What is the narrative structure of Everything Is Illuminated?
The novel alternates between three narrative strands. The first is Alex's letters to Jonathan — written in exuberant, malapropism-rich English — describing the road trip and Alex's growing self-understanding. The second is Alex's own account of the road trip, which gradually reveals something about his grandfather that Alex must face. The third is Jonathan's invented history of the shtetl of Trachimbrod, written in a magical realist style, which goes back centuries before arriving at the Nazi liquidation. These three strands are formally distinct — in typography, in voice, in register — and the novel's meaning emerges from the way they converge. The comedy is mostly Alex's; the horror is mostly the third strand's; the road trip holds them together.
How does Everything Is Illuminated relate to Jonathan Safran Foer's other books?
Foer published Everything Is Illuminated in 2002 as his debut novel.
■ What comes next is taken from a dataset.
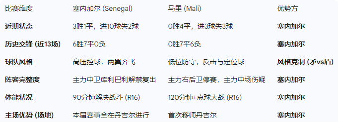 相比之下,**马里(老鹰)**虽然展现了极强的韧性(小组赛三连平,淘汰赛点球大战晋级),但球队正面临严重的战术瓶颈和人员危机。主力右后卫沃约·库利巴利(Woyo Coulibaly)的停赛以及中场大将纳·库利巴利(Lassana Coulibaly)的伤缺,将严重削弱其原本引以为傲的防守体系 。

His second novel, Extremely Loud and Incredibly Close (2005), uses the same formal strategies — multiple voices, embedded documents, unconventional typography — to tell the story of a nine-year-old whose father died on 9/11. The two novels are best read as a pair: both are about a young person inheriting an atrocity they did not witness, both mix comedy and horror, and both arrive at grief through formal experiment rather than direct emotional statement. Foer also wrote Here I Am (2016), a more conventional novel about a Jewish American family facing a crisis, which shows what he can do without the formal scaffolding.